EXERCISE MATERIALS Block Start

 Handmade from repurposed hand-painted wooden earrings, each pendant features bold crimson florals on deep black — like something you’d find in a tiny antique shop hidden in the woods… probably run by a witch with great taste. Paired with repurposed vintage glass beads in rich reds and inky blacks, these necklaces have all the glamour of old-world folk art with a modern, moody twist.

EXERCISE MATERIALS Block End
EXERCISE MATERIALS Block Start

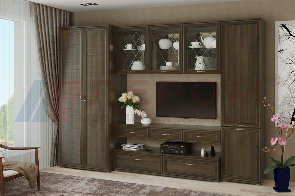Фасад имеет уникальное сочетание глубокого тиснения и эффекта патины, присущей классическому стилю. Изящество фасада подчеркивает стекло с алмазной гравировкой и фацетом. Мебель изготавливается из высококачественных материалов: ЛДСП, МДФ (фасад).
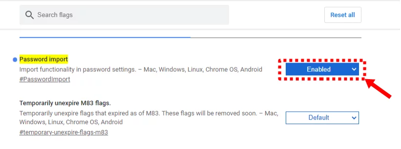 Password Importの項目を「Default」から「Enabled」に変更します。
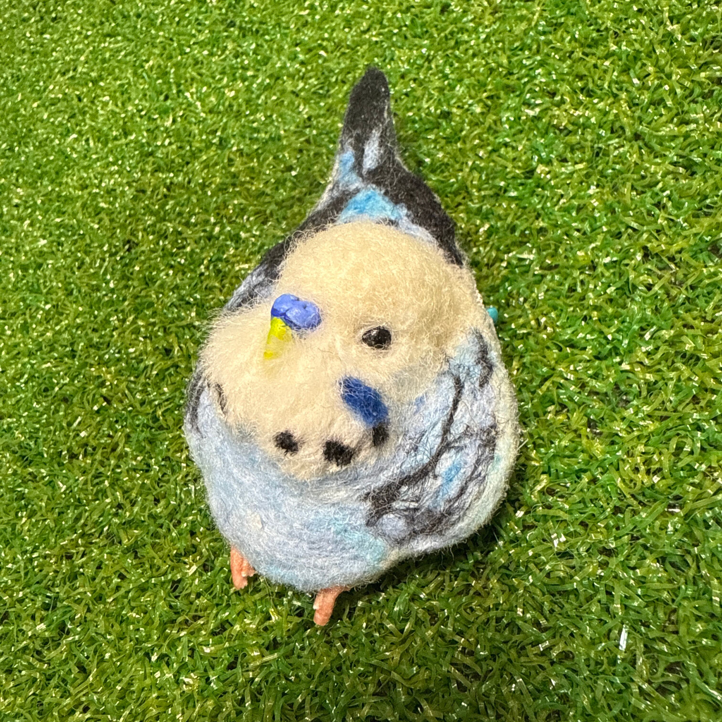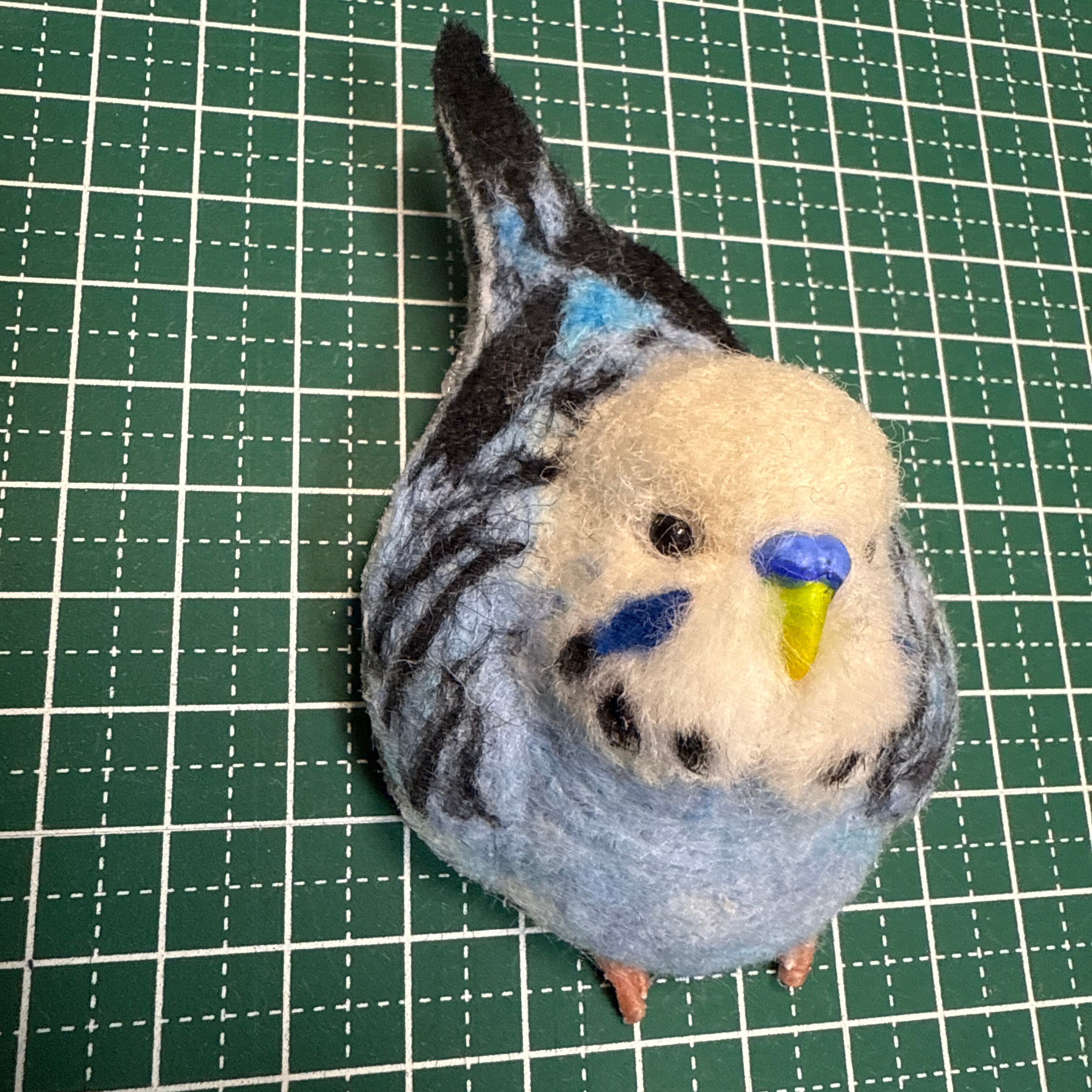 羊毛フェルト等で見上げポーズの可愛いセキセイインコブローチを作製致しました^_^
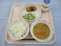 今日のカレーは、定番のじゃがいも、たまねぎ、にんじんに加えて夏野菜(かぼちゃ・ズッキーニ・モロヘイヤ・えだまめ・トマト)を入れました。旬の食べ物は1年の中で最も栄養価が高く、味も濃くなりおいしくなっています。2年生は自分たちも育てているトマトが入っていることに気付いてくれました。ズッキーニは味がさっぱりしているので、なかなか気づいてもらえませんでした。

EXERCISE MATERIALS Block End

WHAT IS REQUIRED: Using the material above, reproduce only the lines that run from the line with "Фасад имеет уникальное" up to and including the line with "今日のカレーは、定番のじゃが", exactly, with the pictures dropped.

RESPONSE AREA:
Фасад имеет уникальное сочетание глубокого тиснения и эффекта патины, присущей классическому стилю. Изящество фасада подчеркивает стекло с алмазной гравировкой и фацетом. Мебель изготавливается из высококачественных материалов: ЛДСП, МДФ (фасад).
 Password Importの項目を「Default」から「Enabled」に変更します。
 羊毛フェルト等で見上げポーズの可愛いセキセイインコブローチを作製致しました^_^
 今日のカレーは、定番のじゃがいも、たまねぎ、にんじんに加えて夏野菜(かぼちゃ・ズッキーニ・モロヘイヤ・えだまめ・トマト)を入れました。旬の食べ物は1年の中で最も栄養価が高く、味も濃くなりおいしくなっています。2年生は自分たちも育てているトマトが入っていることに気付いてくれました。ズッキーニは味がさっぱりしているので、なかなか気づいてもらえませんでした。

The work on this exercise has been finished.